Alarm Kritis di Boulders Beach: Menanti Keajaiban untuk Penguin Afrika

Alarm Kritis di Boulders Beach: Menanti Keajaiban untuk Penguin Afrika

Sabtu, 25 April 2026, atmosfer di Boulders Beach, Cape Town, terasa berbeda. Di balik keriuhan peringatan Hari Penguin Sedunia, terselip kecemasan mendalam yang menyelimuti para konservasionis dan pemerintah Afrika Selatan. Bukan tanpa alasan, burung yang menjadi ikon pesisir Benua Hitam ini tengah berada di bibir jurang kepunahan.

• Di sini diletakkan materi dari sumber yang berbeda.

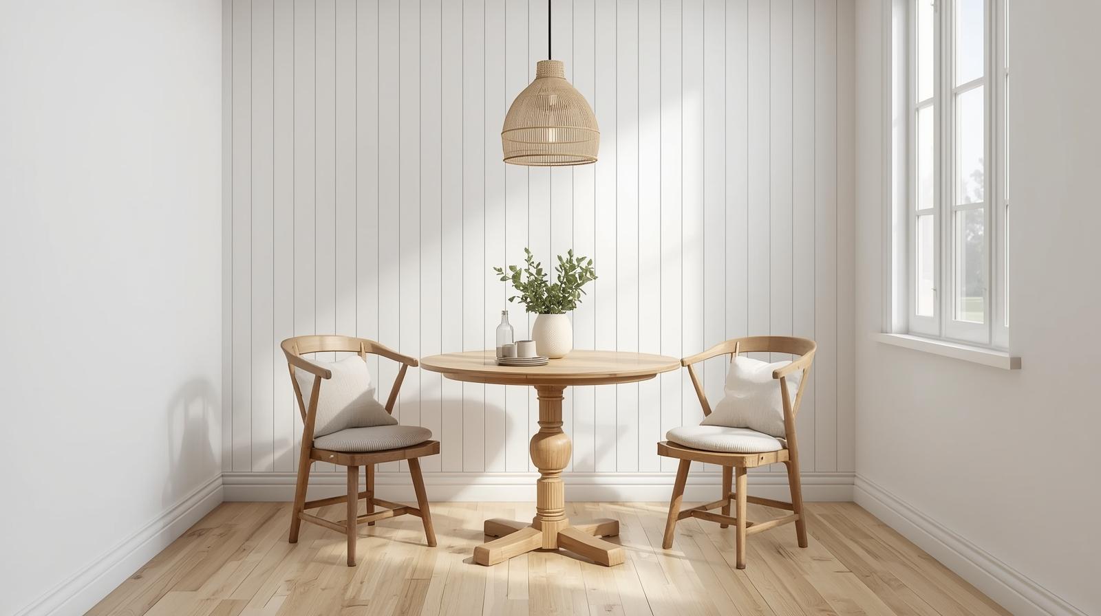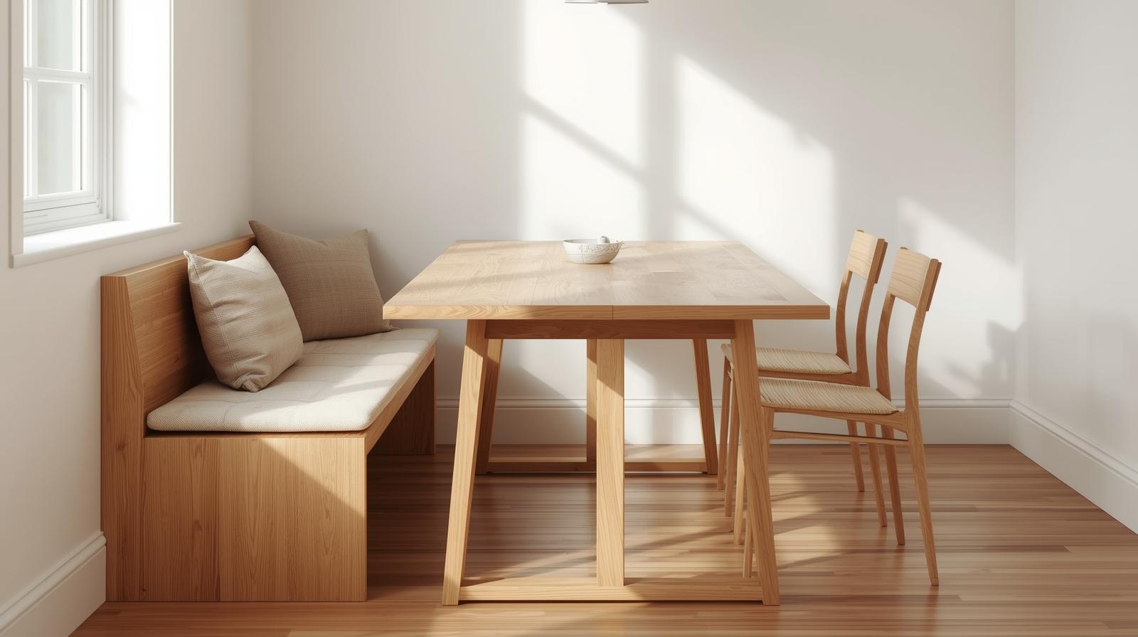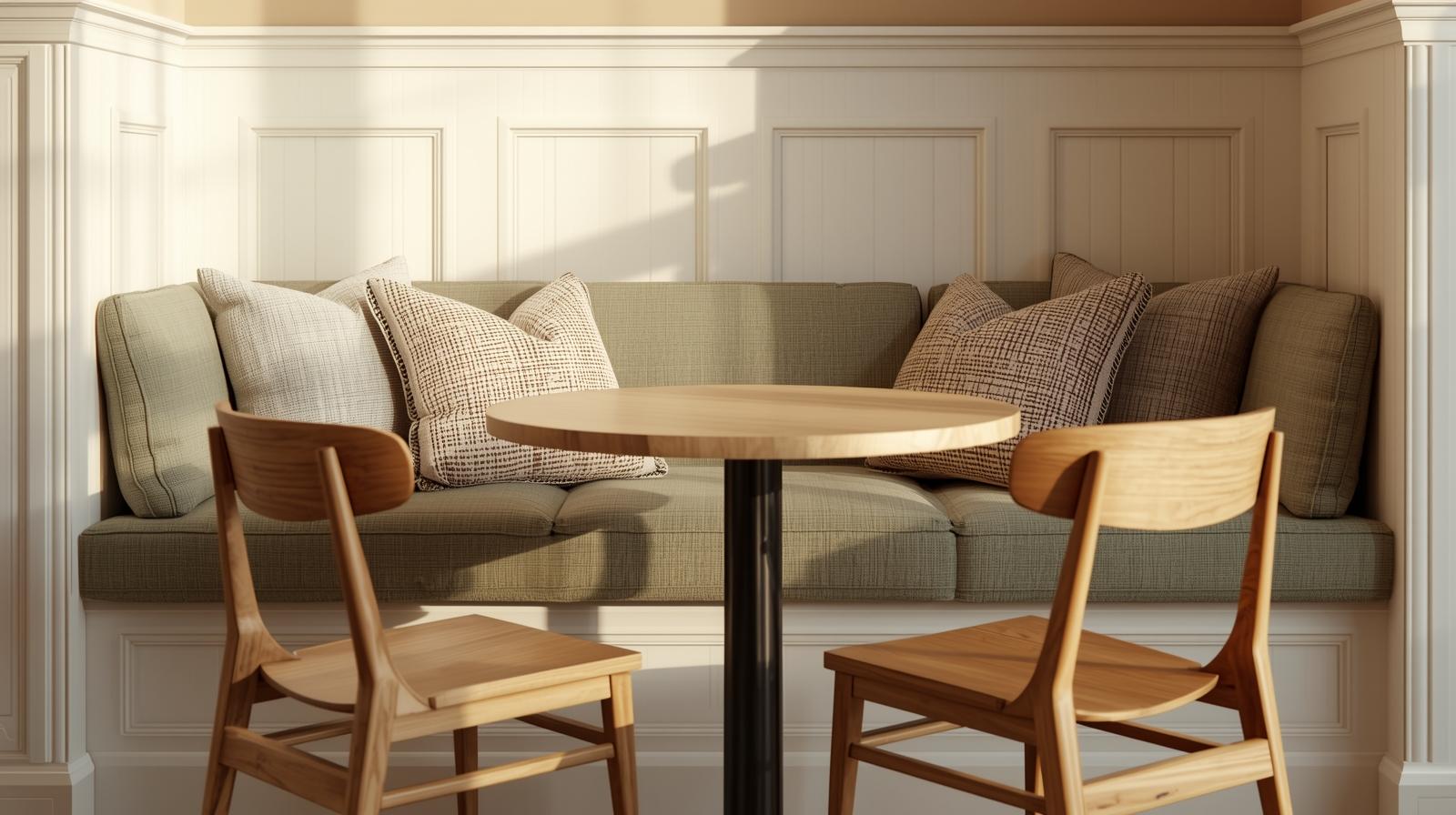 A built-in banquette transforms a tight dining corner into a space-efficient and visually charming seating solution. Tucked flush against the wall, it eliminates the need for chairs on one or two sides, instantly freeing up precious floor space. Add storage drawers beneath the bench seat for bonus functionality. Style it with a mix of cushions and throw pillows in linen or cotton for a cozy, café-inspired atmosphere that feels both designed and practical.

Spesies bernama ilmiah Spheniscus demersus ini bukan lagi sekadar “terancam”. Sejak 2024, Uni Internasional untuk Konservasi Alam (IUCN) telah menaikkan statusnya menjadi “Sangat Terancam Punah”. Sebuah stempel merah yang menandakan penurunan populasi yang drastis dan mengkhawatirkan.

Sisa Kurang dari 10.000 Pasang

Angka tidak bisa berbohong. Eddie Andrews, anggota Komite Wali Kota Cape Town untuk Perencanaan Tata Ruang dan Lingkungan Hidup, mengungkapkan fakta pahit. Saat ini, hanya tersisa kurang dari 10.000 pasangan pembiakan di seluruh alam liar.

“Kota ini ikut serta dalam perayaan Hari Penguin Sedunia tahun ini dengan rasa cemas dan khawatir,” ujar Eddie dengan nada getir. Bagi Cape Town, penguin bukan sekadar daya tarik wisata, melainkan bagian dari identitas lingkungan yang kini berisiko lenyap dalam hitungan tahun.

Pemerintah kota tidak tinggal diam. Melalui investasi pada Tim Jagawana Penguin, mereka bekerja sama dengan Southern African Foundation for the Conservation of Coastal Birds (SANCCOB) untuk memerangi berbagai ancaman, mulai dari krisis pangan di laut hingga perubahan habitat.

Harapan di Balik Rehabilitasi

Di tengah awan mendung tersebut, secercah harapan muncul saat SANCCOB melepaskan kembali delapan ekor penguin Afrika ke koloninya di Boulders Beach. Kedelapan burung ini baru saja menyelesaikan “perjalanan” panjang di pusat rehabilitasi.

Bagi SANCCOB, Hari Penguin Sedunia bukan sekadar seremoni tahunan. “Ini adalah pengingat bahwa melindungi penguin Afrika bukanlah sekadar momen, melainkan komitmen harian,” tulis organisasi tersebut dalam pernyataan resminya.

Pesan mereka jelas: penguin Afrika menghadapi kepunahan di alam liar dalam masa hidup kita sekarang. Namun, kepunahan itu masih bisa dicegah melalui tindakan kolektif.

Mengapa Kita Harus Peduli?

Kehilangan penguin Afrika berarti hilangnya satu mata rantai penting dalam ekosistem laut selatan. Burung yang tak bisa terbang ini adalah indikator kesehatan laut. Jika mereka lenyap, itu adalah sinyal bahwa ada yang salah secara fundamental dengan tata kelola samudra kita.

Langkah Cape Town dengan Tim Jagawana-nya adalah bukti bahwa intervensi manusia masih mungkin dilakukan. Namun, tanpa dukungan global dan kebijakan lingkungan yang radikal, upaya melepaskan delapan ekor penguin ke alam liar hanya akan menjadi penunda bagi akhir yang tragis.

Dunia mungkin merayakan 18 spesies penguin di planet ini, tetapi hari ini, mata dunia seharusnya tertuju pada Afrika Selatan. Di sana, di antara pasir putih dan deburan ombak Cape Town, sebuah spesies tengah berjuang melawan waktu demi sekadar bertahan hidup.